No lesson should be considered learned until, as the result of cross-questioning, the text, the whole of it, is indelibly fixed in the mind, and every distinct thought flashes forth, and can be mentally noted, as one reads or repeats the whole.

While every teacher, as well as every pupil, ought to have his Bible in hand, no one ought to presume to attempt to teach the lesson before he has the Scripture text so thoroughly mastered that he can, by questions, without the open Bible before him, draw out from the class every item of it in the exact language of the Scripture, and can know whether or not the answers are correctly given.

Who wrote the epistle that we are studying?
To whom was it addressed? 
“To the churches of Galatia.”
Who did he say joined with him in the greeting and the sentiments expressed in the epistle?
“All the brethren which are with me.” 
Who was this Paul?
“An apostle.”
What is the meaning of the word “apostle”? 
By whom was Paul sent?
“By Jesus Christ, and God the Father.”
From whom did he not receive his commission? 
“Not of men.”
Was there any man concerned in his being made an apostle? 
“Neither by man.”
What shows the high authority of his apostleship?
He was sent “by Jesus Christ, and God the Father, who raised Him from the dead.”
What is proclaimed to all who read this epistle? 
“Grace to you and peace.”
From whom does this gift come? 
“From God the Father.”
Who is associated with God the Father in bestowing this gift?
“Our Lord Jesus Christ.”
What has He done to procure us this gift of grace and peace?
He “gave Himself.”
For what did Jesus give Himself? 
He “gave Himself for our sins.” 
Why did He do this?
“That He might deliver us from this present evil world.”
From what does the gift of Christ deliver us?
 “From this present evil world.”
Whose will is it that we should be delivered from this evil world?
“The will of our God and Father.”
What is, therefore, due to Him? 
“The glory.”
For how long is the glory due to God? 
“Forever and ever. Amen.”
  1. Note how in this greeting the divinity of Christ is accepted as a matter of course. What shows this?
  2. It is worth noting that the apostle Paul did not ignore the brethren, although he derived no authority from them. He did not disdain to give credit to all the brethren that were with him, as being associated with him in the sentiments of the epistle. What circumstances in Paul's experience made it very natural that he should incidentally indicate that “the brethren” were agreed with him?
  3. The Word of God is living. The Epistle to the Galatians has as direct application to us as it had to “the churches of Galatia,” more than eighteen hundred years ago.
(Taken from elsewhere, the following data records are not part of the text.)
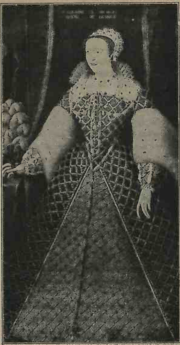
CATHERINE DE MÉDICIS EN COSTUME DE COUR (Galerie des Offices, Florence.)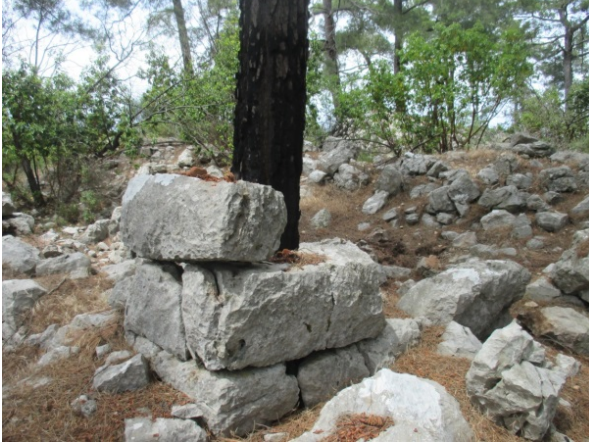
Fig. 6. Yukarı Olympos'ta Bulunan Bir Yapı Duvarı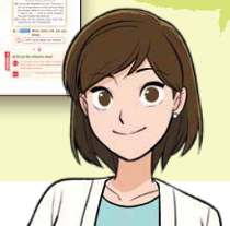
Teacher's Book 朱書 (日本語版)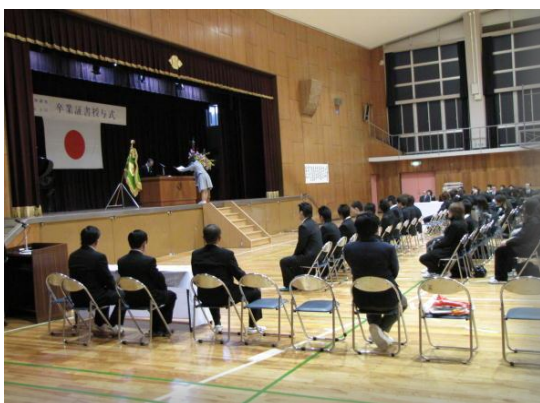
【感動の卒業式 4年間みんなよくがんばりました】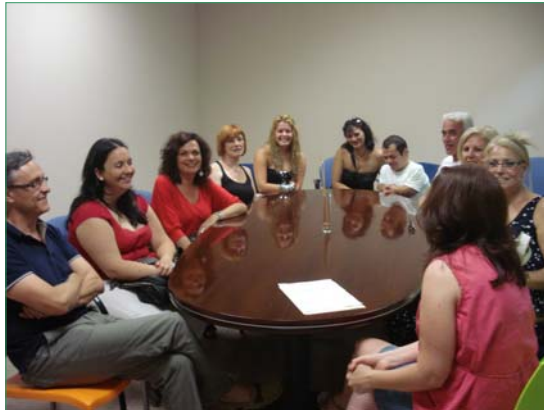
Más del 50% de la Plantilla de Verdiblanca acudió a las votaciones realizadas en el vestíbulo de la sede de Verdiblanca, donde se habilitó una urna que dio los nombres del nuevo Comité.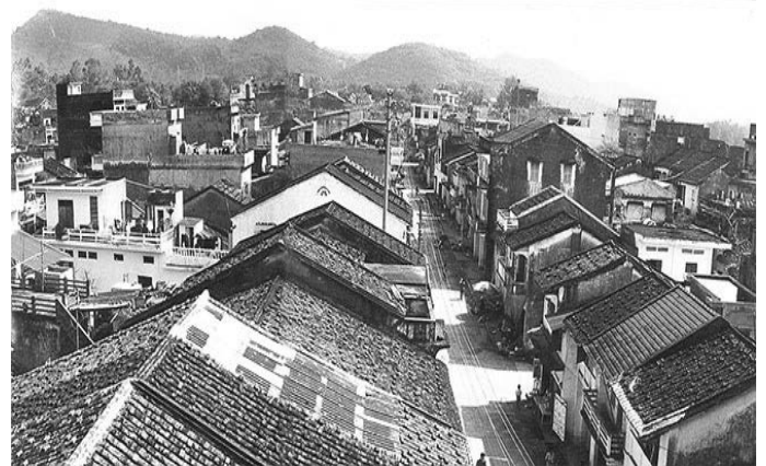
Hình 2.5. Phố cổ Tiên Yên với rất nhiều công trình kiến trúc Pháp và Hoa cổ được xây dựng từ khoảng đầu thế kỷ 20, theo cấu trúc nhà ống, hai tầng, mái ngói đất nung lợp theo kiểu âm dương

Sự đa dạng về văn hóa còn mang lại cho nơi đây hệ thống các di sản văn hóa phi vật thể với nhiều loại hình khác nhau như: Trang phục, ngôn ngữ, phong tục, tập quán, nghề thủ công truyền thống... góp phần tạo nên cho Tiên Yên nguồn tài nguyên du lịch nhân văn giàu giá trị. Bao gồm 6 loại hình trình diễn nghệ thuật dân gian; 21 loại hình tập quán xã hội; 14 loại hình tri thức dân gian; 4 loại hình nghề thủ công truyền thống; 5 loại hình lễ hội. Các lễ hội truyền thống, trò chơi dân gian, phong tục như: Lễ hội lồng tồng của dân tộc Tày, lễ hội cấp sắc của đồng bào Dao, lễ hội cầu mùa của dân tộc Sán Chỉ, lễ hội đua thuyền truyền thống của xã Đông Rui, lễ đại phan của dân tộc Sán Diu... các làn điệu dân ca (hát then và đàn tính của dân tộc Tày, hát soóng cọ của dân tộc Sán Chỉ, hát đối của dân tộc Dao Thanh Y, Dao Thanh Phán...)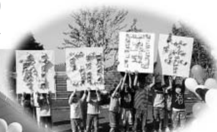
▲折り紙で絵文字 「村50周年」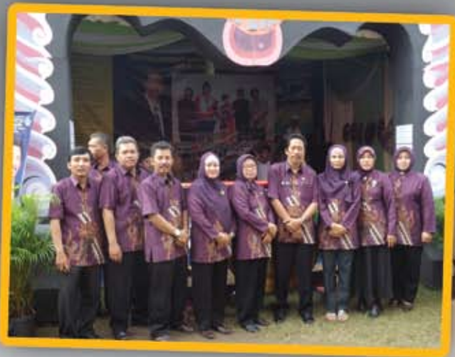
▲ Kepala Sekolah dan Guru berpose di depan stand pameran SMPN 1 Mantup.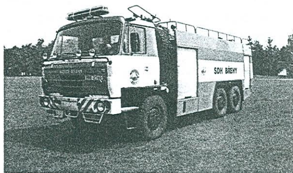
T 815 v majetku obce Břehe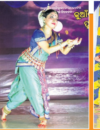
କାତୀୟ ପୁରୁଷାନ୍ତ୍ରପ୍ରସ୍ତ ଅଭିନୀତ ଦଳ ଓଡ଼ିଶା ନୃତ୍ୟ ପରିବେଷଣ କରୁଛନ୍ତି।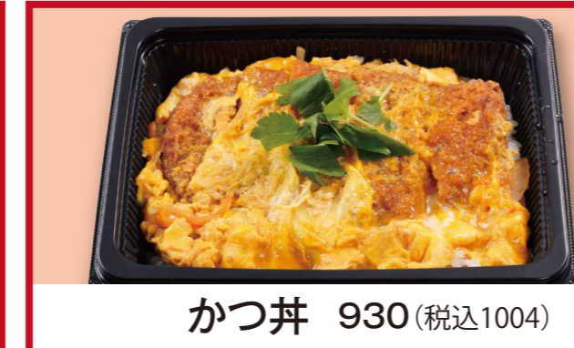
かつ丼 930 (税込1004)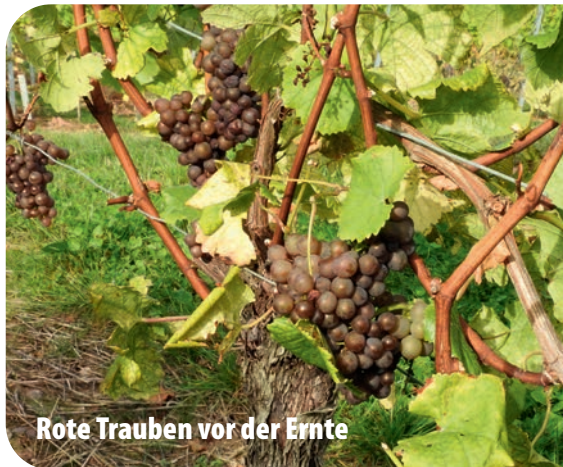
Rote Trauben vor der Ernte

Kirschroth ist eine kleine Weinbaugemeinde mit knapp 300 Einwohnern bei Bad Sobernheim in einem südlichen Seitental der Nahe. Im Ort gibt es acht Weingüter.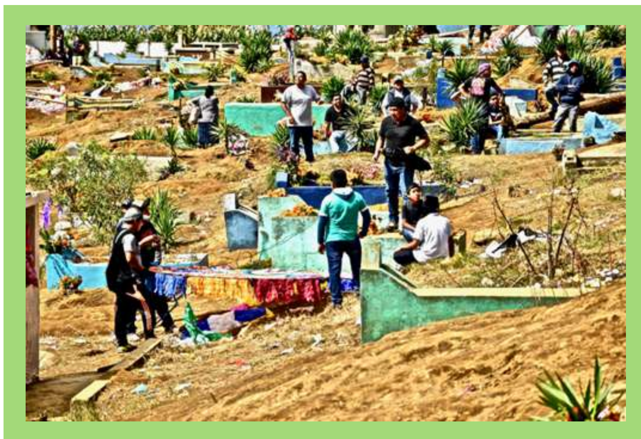
Familias en el panteón durante festival de Barriletes en Día de Muertos.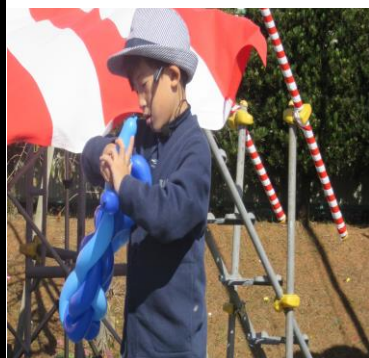
パフォーマーキア

第一部の式典では、永年勤続職員2名に感謝状が贈呈されました。その後、利用者さん代表によるくす玉割りで、としなが祭が開幕しました。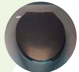
W.C. con tapa y asiento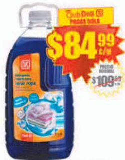
Jabón Líquido para Ropa Día x 3 lts. Precio x lt.: $ 28.33 / Stock: 110.000 uds.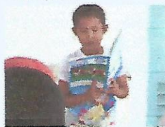
Aprendiendo el alfabeto

☆ バス帰りの会の時に、ミニ発表会を行っています。学習したことをみんなの前で発表しています。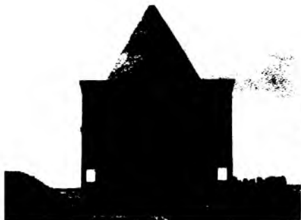
Россиянинг Варна туманида жойлашган Амир Темур минораси.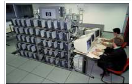
La grappe de PC conçue par HPLaboratories Grenoble et Inria en 2001

Une des voies de développement du calcul distribué réside dans le cloud computing. Certes très commercial aujourd'hui, il soulève toutefois de nombreux axes fondamentaux de recherche. Nous y travaillons depuis quelques années au sein d'Inria, particulièrement sur la gestion dynamique des ressources, la virtualisation, le stockage, et la gestion de l'énergie car des centaines de milliers de processeurs multi-cœurs doivent travailler efficacement et simultanément ensemble. Ce modèle va plus loin que la simulation numérique « classique » avec des applications dans tous les domaines. Il faut cependant être capable de gérer l'échelle de ces plateformes, leur dynamique et enfin les quantités de données à traiter.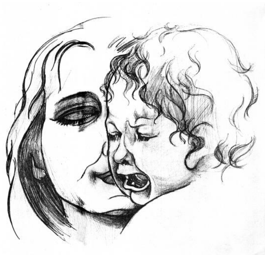
Рисунок Н.Кисловой к поэтическому сборнику педагогов лицей (2003 год).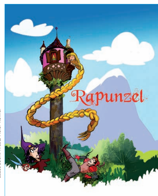
Illustration: Nicola Mater-Reimer

Online-Tickets unter www.komoedie-hamburg.de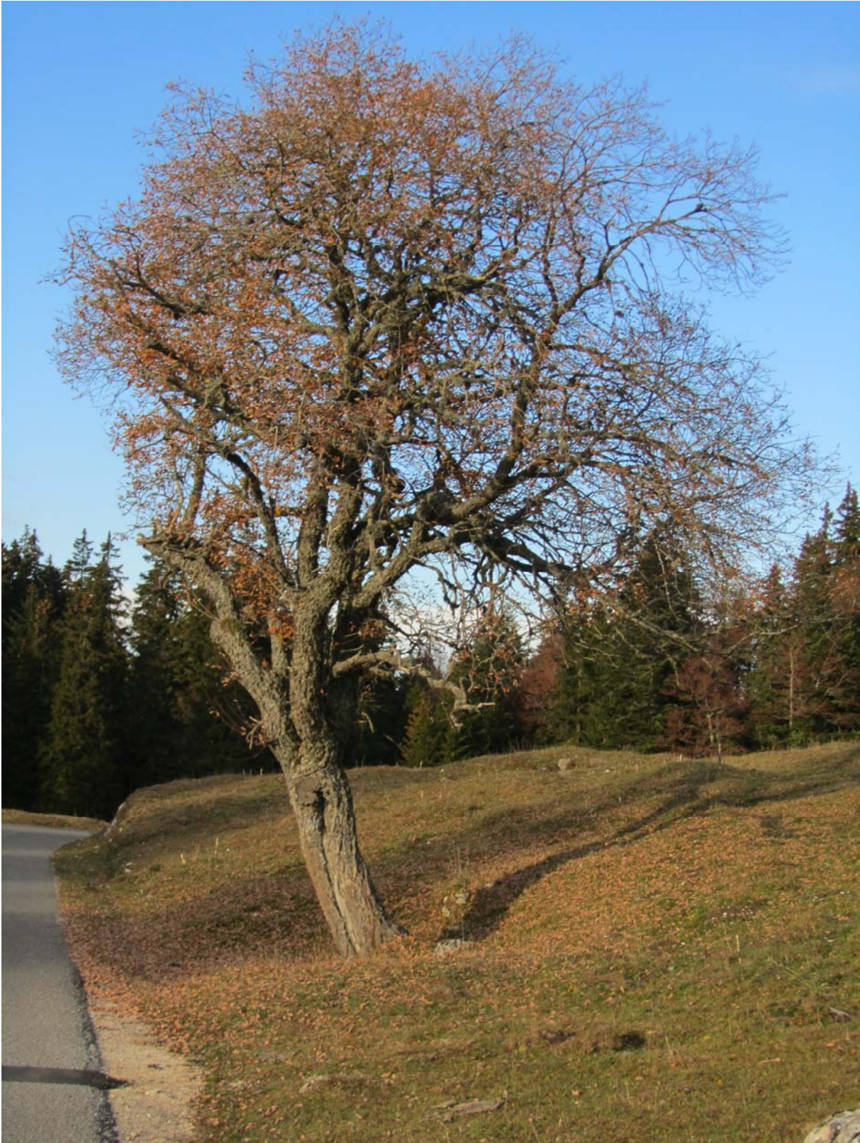
Un bel arbre au bord du chemin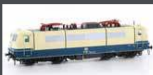
LS16021 E-LOK BR 184 DB, EP. IVC, BW SAARBRÜCKEN LS16021S MIT SOUND

The things that called out the epistle were not peculiar to the Galatians. We can read it as though it were written to-day and addressed to us, and not to the churches of Galatia.
  4. Study “the peace of God.” Look up scriptures mentioning it, and note how it is bestowed, and what is involved in it. What does the grace of God bring?
  5. What relation is there between ''our sins” and “this present evil world”? Show it from the text that we are studying, and from other portions of Scripture.
  6. What is the will of God in Christ Jesus concerning us? Where do we learn God's will? What special advantage is there to us in knowing God's will? These questions all admit of direct answers in the exact language of Scripture. Find them.
  7. To whom do our sins belong? What comfort does this afford to those who think that because of their sins the Lord will not accept them?
  8. What expression in this introduction to the epistle stamps it as a part of the last message? Compare verse 5 and Rev. 14:6, 7. How much glory is to be given to God? Why? How do we give the glory to God?